__Assignment__.
Would you print out all of the data exactly and keep the pictures out of it?

__Data section__.

..............................

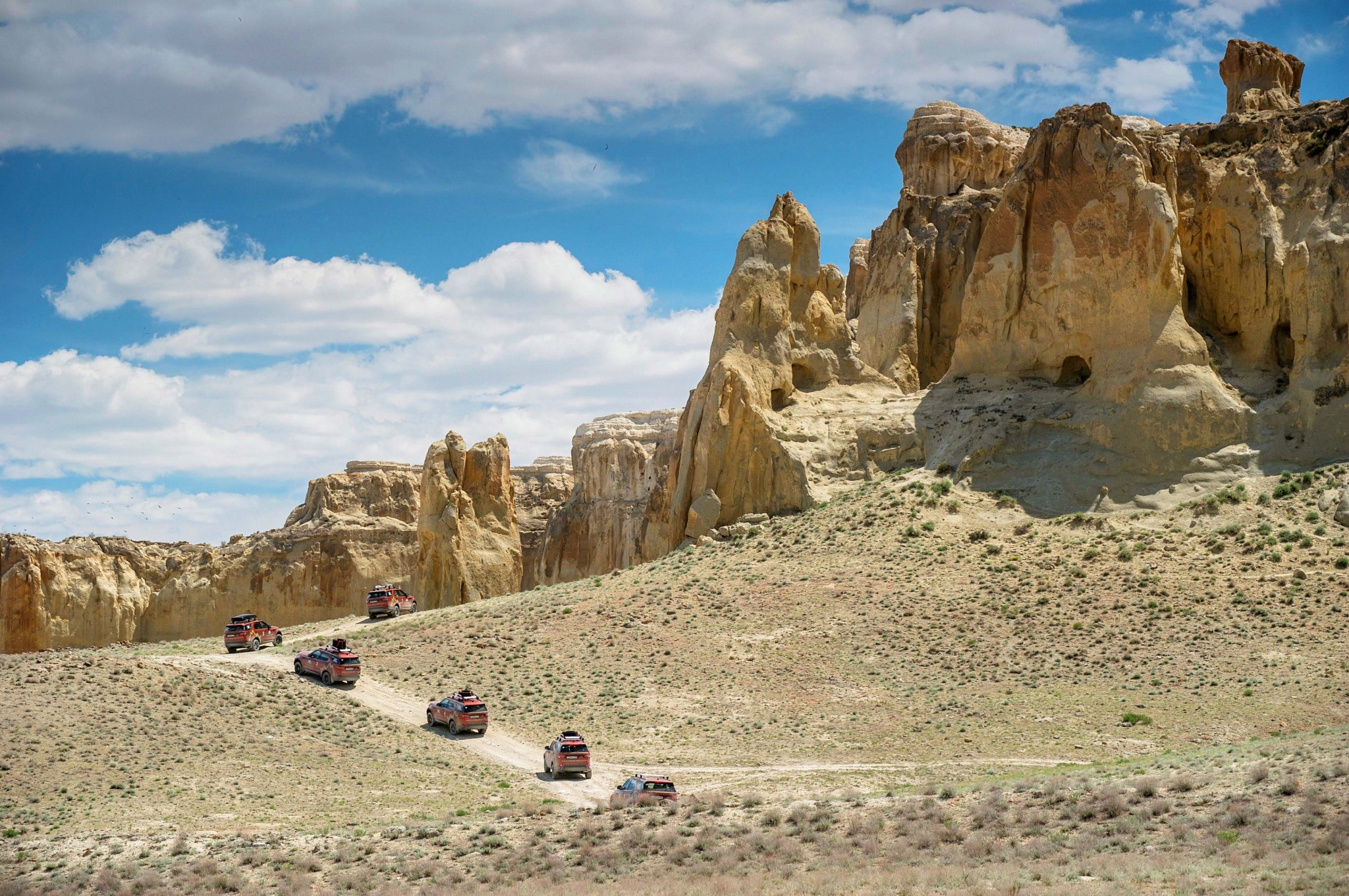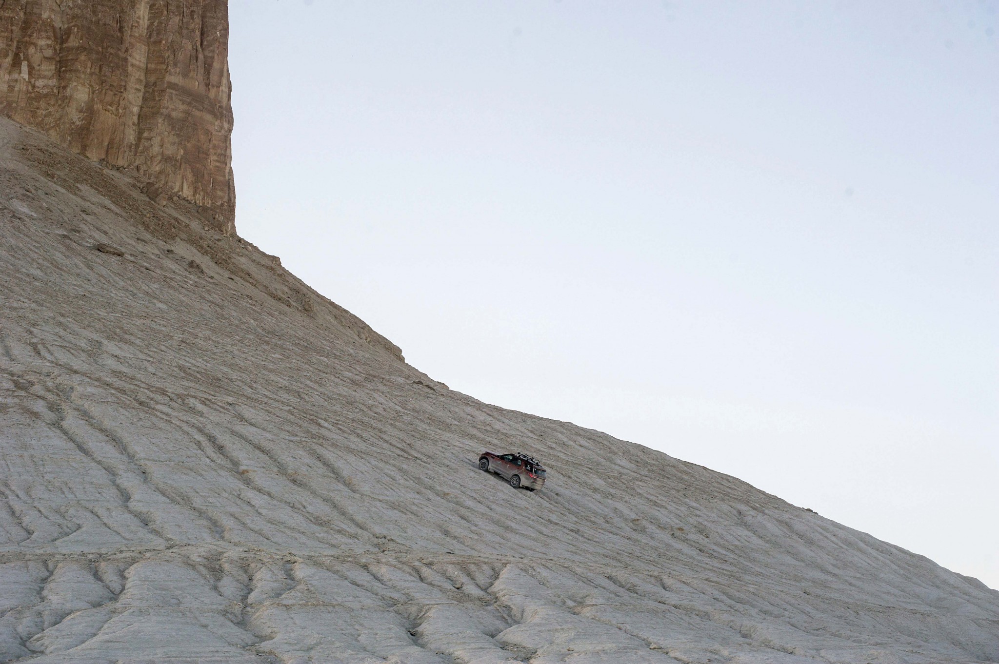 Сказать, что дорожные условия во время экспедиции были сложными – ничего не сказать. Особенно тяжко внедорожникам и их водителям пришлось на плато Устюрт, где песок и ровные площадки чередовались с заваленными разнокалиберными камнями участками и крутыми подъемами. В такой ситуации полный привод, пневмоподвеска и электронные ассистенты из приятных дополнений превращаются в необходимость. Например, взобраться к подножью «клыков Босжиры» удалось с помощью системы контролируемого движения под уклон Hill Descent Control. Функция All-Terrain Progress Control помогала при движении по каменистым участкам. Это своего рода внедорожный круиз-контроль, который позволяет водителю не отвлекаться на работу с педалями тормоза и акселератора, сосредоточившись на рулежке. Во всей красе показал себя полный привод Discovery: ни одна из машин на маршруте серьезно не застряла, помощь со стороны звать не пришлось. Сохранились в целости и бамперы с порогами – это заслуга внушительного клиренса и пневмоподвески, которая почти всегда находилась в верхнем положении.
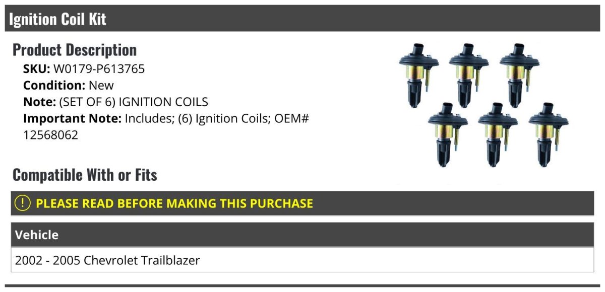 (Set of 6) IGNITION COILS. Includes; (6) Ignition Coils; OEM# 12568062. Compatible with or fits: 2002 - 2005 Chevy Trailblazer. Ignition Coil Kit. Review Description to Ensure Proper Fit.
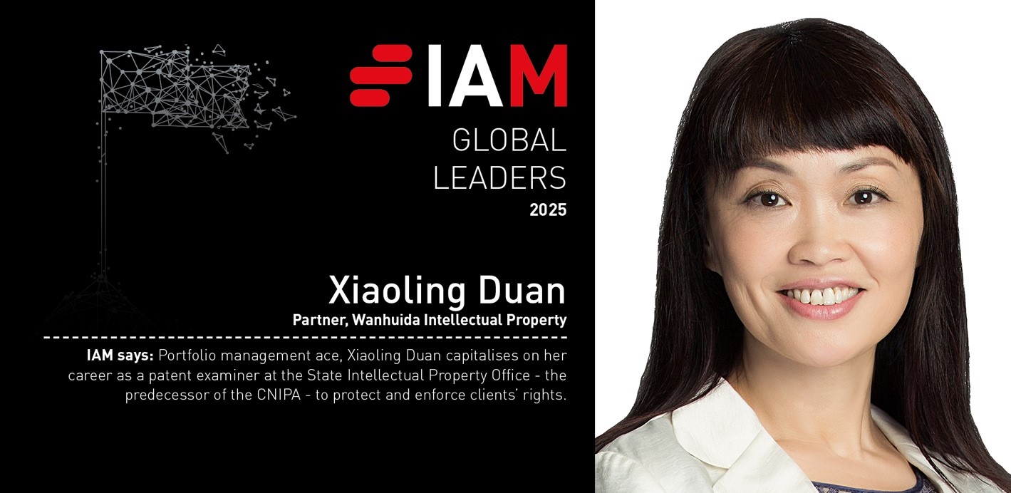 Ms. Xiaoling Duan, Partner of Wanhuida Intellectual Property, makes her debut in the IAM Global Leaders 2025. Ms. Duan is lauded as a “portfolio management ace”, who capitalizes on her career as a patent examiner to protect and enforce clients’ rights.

..............................

__Solution to the problem__.
 Сказать, что дорожные условия во время экспедиции были сложными – ничего не сказать. Особенно тяжко внедорожникам и их водителям пришлось на плато Устюрт, где песок и ровные площадки чередовались с заваленными разнокалиберными камнями участками и крутыми подъемами. В такой ситуации полный привод, пневмоподвеска и электронные ассистенты из приятных дополнений превращаются в необходимость. Например, взобраться к подножью «клыков Босжиры» удалось с помощью системы контролируемого движения под уклон Hill Descent Control. Функция All-Terrain Progress Control помогала при движении по каменистым участкам. Это своего рода внедорожный круиз-контроль, который позволяет водителю не отвлекаться на работу с педалями тормоза и акселератора, сосредоточившись на рулежке. Во всей красе показал себя полный привод Discovery: ни одна из машин на маршруте серьезно не застряла, помощь со стороны звать не пришлось. Сохранились в целости и бамперы с порогами – это заслуга внушительного клиренса и пневмоподвески, которая почти всегда находилась в верхнем положении.
 (Set of 6) IGNITION COILS. Includes; (6) Ignition Coils; OEM# 12568062. Compatible with or fits: 2002 - 2005 Chevy Trailblazer. Ignition Coil Kit. Review Description to Ensure Proper Fit.
 Ms. Xiaoling Duan, Partner of Wanhuida Intellectual Property, makes her debut in the IAM Global Leaders 2025. Ms. Duan is lauded as a “portfolio management ace”, who capitalizes on her career as a patent examiner to protect and enforce clients’ rights.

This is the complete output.